As a user searching the catalog, it makes sense to return a homogeneous chunk (Item) and have the Assets attached to this object.
Assuming we decide to capture all Assets in a single Item, we need a clean solution for:
- Handling Items with many Assets (e.g. » 100)
- Sub-setting along time - i.e. filtering Assets by time selection
The jump from Collections to Items is done via a link item, using relation
/collections/<collectionId>/items path provides a paginated list of Items.
It follows that Assets could be represented in the same way. i.e.

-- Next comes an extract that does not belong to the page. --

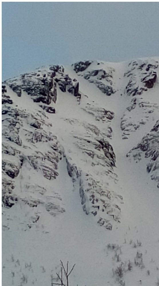
Рис. 4. Вид на маршрут от точки начала маршрута
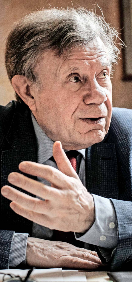
Roger Chartier es autor de "El mundo como representación" y "El orden de los libros".

Referente de la Escuela de los Annales, el historiador francés afirma que la cultura digital es un hito mayor que la invención del códex y de la imprenta, y advierte que pone en riesgo el estatuto del conocimiento. Sin embargo, cree que es posible, con educación, recuperar el sueño de una comunicación universal. El jueves, en Santiago, dictará la charla "Humanidades, humanismo, humanidad".

An aside: aggregation summaries of Assets
In a perfect future, we won’t need to worry about Assets because data services will exist to handle Assets transparently so that the user query/request gets converted into a workflow description and returns only the data payload requested.

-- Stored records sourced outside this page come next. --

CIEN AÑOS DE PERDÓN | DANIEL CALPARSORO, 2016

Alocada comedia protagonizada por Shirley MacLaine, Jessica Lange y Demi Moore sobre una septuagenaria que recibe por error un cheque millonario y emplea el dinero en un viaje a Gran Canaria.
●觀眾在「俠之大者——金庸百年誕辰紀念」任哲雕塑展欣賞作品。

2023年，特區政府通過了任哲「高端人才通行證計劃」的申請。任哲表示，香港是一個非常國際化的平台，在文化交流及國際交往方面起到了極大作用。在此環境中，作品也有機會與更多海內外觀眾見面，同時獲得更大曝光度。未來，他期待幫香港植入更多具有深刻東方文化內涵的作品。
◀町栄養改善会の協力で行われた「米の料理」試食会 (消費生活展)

In the world of STAC Items, we can expect that service endpoints will be included in the Item record, as aggregated assets. There are some example aggregation formats that might be relevant in this area:
- kerchunk - descriptive files representing an access point for reading multiple data files (Assets)
- Zarr - a cloud-compatible format that separates data access and serialisation for multi-dimensional arrays
But that’s the future - let’s get back to the our proposal…

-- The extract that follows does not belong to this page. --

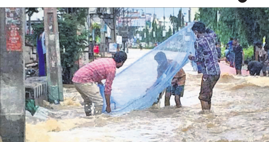
ତିରୁପତିଠାରେ ଲୋକେ ପାଣିଭର୍ତ୍ତି ରାସ୍ତାକୁ ମାଛ ଧରୁଛନ୍ତି।

ଶତାଧିକ ନିଖୋଜ ତିରୁପତି, ୧୯।୧୧ ବଙ୍ଗୋପସାଗରରେ ସୃଷ୍ଟି ଲଘୁଚାପ ପ୍ରଭାବରେ ଆନ୍ତପ୍ରଦେଶର ବିଭିନ୍ନ ଜିଲ୍ଲାରେ ପ୍ରବଳ ବର୍ଷା ଲାଗିରହିଛି। ରାୟାଲସୀମା ଅନ୍ତର୍ଗତ ୪ ଜିଲ୍ଲାରେ ବର୍ଷା ଓ ବନ୍ୟାରେ ଶୁକ୍ରବାର ୧୭ ଜଣଙ୍କ ମୃତ୍ୟୁ ଘଟିବା ସହ ଶତାଧିକ ନିଖୋଜ ହୋଇଯାଇଛନ୍ତି। ତେଣୁ ମୁତ ନଦୀରେ ବନ୍ୟା ଆଦି ଅନେକ ଗ୍ରାମ ଜଳାଶୁବ୍ଧ ହୋଇଥିବାବେଳେ ନନ୍ଦାଲୁରଠାରେ ଥିବା ସ୍ଵାମୀ ଆନନ୍ଦ ମନ୍ଦିର ପାଣିରେ ବୁଡ଼ିଯାଇଛି। କଟପା ଜିଲ୍ଲାର ରାଜମପେଟ ଓ ଅନ୍ୟ ଅଞ୍ଚଳ ବନ୍ୟାସ୍ଵାଦିତ ହୋଇଛି। ରିଲିଫ୍ ଓ ଉଦ୍ଧାର କାର୍ଯ୍ୟରେ ଅଗ୍ନିଶମ, ଏନ୍‌ଡିଆର୍‌ଏଫ୍ ଏବଂ ଏସ୍‌ଆଇଏଫ୍ ଚମ୍ପୁ ନିୟୋଜିତ କରାଯାଇଛି। ଗଞ୍ଜଲୁରୁ ଅଞ୍ଚଳରୁ ୬ ମୃତଦେହ ମିଳିଥିବା ବେଳେ ରାୟାଲସୀମାରେ ୩୩ ଏବଂ ମଝପାଲି ନିକଟରୁ ୨ ଜଣଙ୍କ ମୃତଦେହ ମିଳିଛି। ମଝପାଲି, ଆକେପାଡ଼ି, ନନ୍ଦାଲୁରୁ ଅଞ୍ଚଳରୁ ୩୦ ଜଣ ବନ୍ୟାରେ ଭାସିଯାଇଛନ୍ତି। ବିଭିନ୍ନ ସ୍ଥାନରେ ଜାତୀୟ ରାଜପଥ ଓ ରେଳଲାଇନ ପାଣିରେ ବୁଡ଼ିଯାଇଛି। କଟପା ବିମାନ ବନ୍ଦରକୁ ୨୫ ତାରିଖ ଯାଏ ବନ୍ଦ କରାଯାଇଥିବାବେଳେ ନନ୍ଦାଲୁର-ରାଜାପେଟ ମଧ୍ୟରେ ଚଳାଚଳ କରୁଥିବା ୧୦ଟି ଟ୍ରେନ୍‌ର ରୁଟ୍ ପରିବର୍ତ୍ତନ ହୋଇଛି। ଲଘୁଚାପ ଯୋଗୁ ଆନ୍ତପ୍ରଦେଶର

In order to support Assets as first-class objects in STAC, we propose the following extensions:
SPEC EXTENSIONAdd a link relation “asset” to allow linkage to a separate Asset object.
SPEC EXTENSIONAdd an asset-spec which defines the Asset representation. This follows closely the item-spec, although properties are preferred in the Item. Properties are allowed as per the current asset-spec that can be used for subsetting (e.g. datetime)
API EXTENSIONAdd asset-list to provide
/collections/<collectionId>/items/<itemId>/assetswhich is the list of Assets for a given itemId. This will provide a paginated list of all Assets and is linked to using a link object as part of an Item with relation “asset” .
API EXTENSIONAdd asset-search to allow cross-item searching of individual data files
API EXTENSIONAsset search enables API based sub-setting, using the
Our proposed schemas are available here:
Moving the potentially long list of Assets to a paginated endpoint allows clients to selectively retrieve Assets for Items which have been specifically requested, rather than for all Assets irrespective of their need. This can be represented as a paginated table in user interfaces. Presenting the metadata Assets within the Item record is still useful as it allows the user to dig deeper and understand whether this is the Item they require.
Asset search allows for filtering, either within an item (e.g date-time or role to retrieve only data Assets) or cross-Item selection, where a subset of related Assets from different Items might be desired. In the first case, all Assets point back to a single Item record. In the latter case, Assets may point back to a number of different Items (potentially in different Collections).
The power of Asset-level search is that the user can search dimensions of the “data hypercube” that yields a true intersect of relevant content, rather than being constrained by the limitations of how items are defined in a particular STAC catalog. A single search gets the results that are otherwise gained from repeated search-and-filter operations, thereby streamlining the discovery process.
Whilst many catalog managers, and scientific domains, may not need Asset-level search, it is a powerful solution for managing large archive or heterogeneous environmental data. We intend to implement it in our emerging STAC solution for CEDA. We also expect it to meet the needs of the next generation of Earth System Grid Federation (ESGF) Search system in the near future.